Быстрая краска покрыла щеки Леоне.
– Добрая женщина, – сказал он со сдержанным гневом, – избавьте нас от этих недостойных клевет и умейте лучше уважать знатную девицу…
Он вдруг остановился, приметив, что дядя наблюдает за ним украдкой, и потупил глаза.
– Повторяю вам, – смиренно возразила мадам Ришар, – что я пересказываю толки, которые ходят по всей стране, а я совсем им не верю. Мадмуазель де Баржак, тем не менее, слывет добрейшей особой, щедрой, благотворительной к несчастным и делающей самое лучшее употребление из своего богатства. О ней рассказывают черты поистине превосходные; обвиняют только ее характер, странный и запальчивый.
Приор не показал ни удивления, ни гнева, узнав не совсем благоприятное мнение публики о богатой девушке, находившейся под опекой аббатства. Спокойно опорожнив свой стакан, он сказал:
– Довольно, дочь моя; остерегайтесь повторять эти нелепые толки, потому что это значило бы грешить против христианской любви и справедливости.
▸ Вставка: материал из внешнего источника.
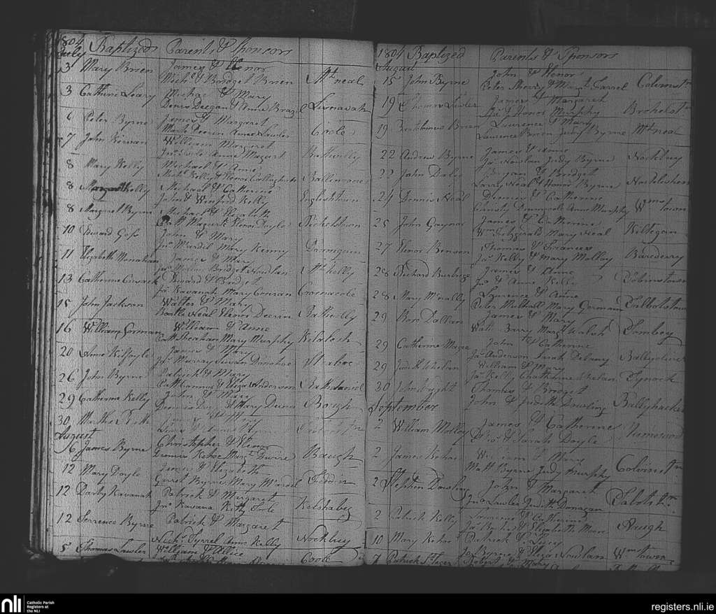 Rathvilly; County of Wicklow, Carlow; Diocese of Kildare and Leighlin. Baptisms, July 1804 to Sep. 1804
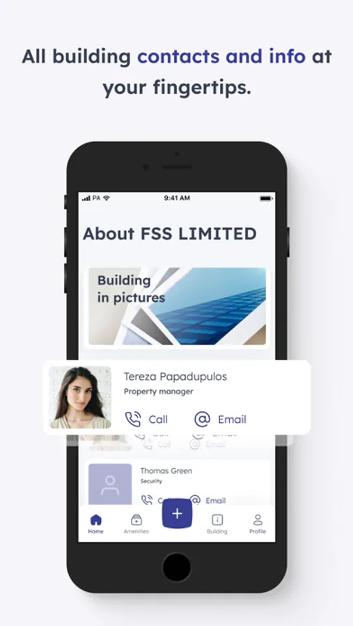 This application is intended not only for employees that work in FSS LIMITED but for their visitors as well. Important information about the building is organized on the dashboard, which dynamically changes throughout the day. The app offers more functionality including forums, ability to request maintenance, events, information about companies in the building and about the building itself where you can find important contact, guides and documents.

Всем известно, что мадмуазель де Баржак была ужасно пренебрегаема в своем детстве. Воспитанная отцом, безрассудным охотником, видевшая только мужчин в старом замке, затерянном среди гор и лесов, она выросла так, что никто не заботился образовать ее сердце и ум, никто не подумал даже внушить ей самые простые понятия об обязанностях ее пола. Только в час смерти отец ее раскаялся в том полном небрежении, в каком оставлял ее, и поручил нам надзирать за этой бедной девушкой, направить ее на путь света и на путь небесный. Эта обязанность была не легкая. Кристина де Баржак, несмотря на ее превосходное сердце, привыкла к непослушанию, что много доставляет нам хлопот. Однако, благодаря настойчивости наших усилий, благодаря преданности благочестивых и умных особ, которыми ее окружили, мы, наконец, восторжествуем над ее непокорным характером, над ее нетерпением, не подчиняющимся никаким правилам и никакому обузданию… Вот почему, дочь моя, надо быть снисходительным к ней; скоро, без сомнения, она сделается кроткой и скромной женщиной, какие встречаются на свете, и было бы несправедливо обвинять ее в проступке ее родителей.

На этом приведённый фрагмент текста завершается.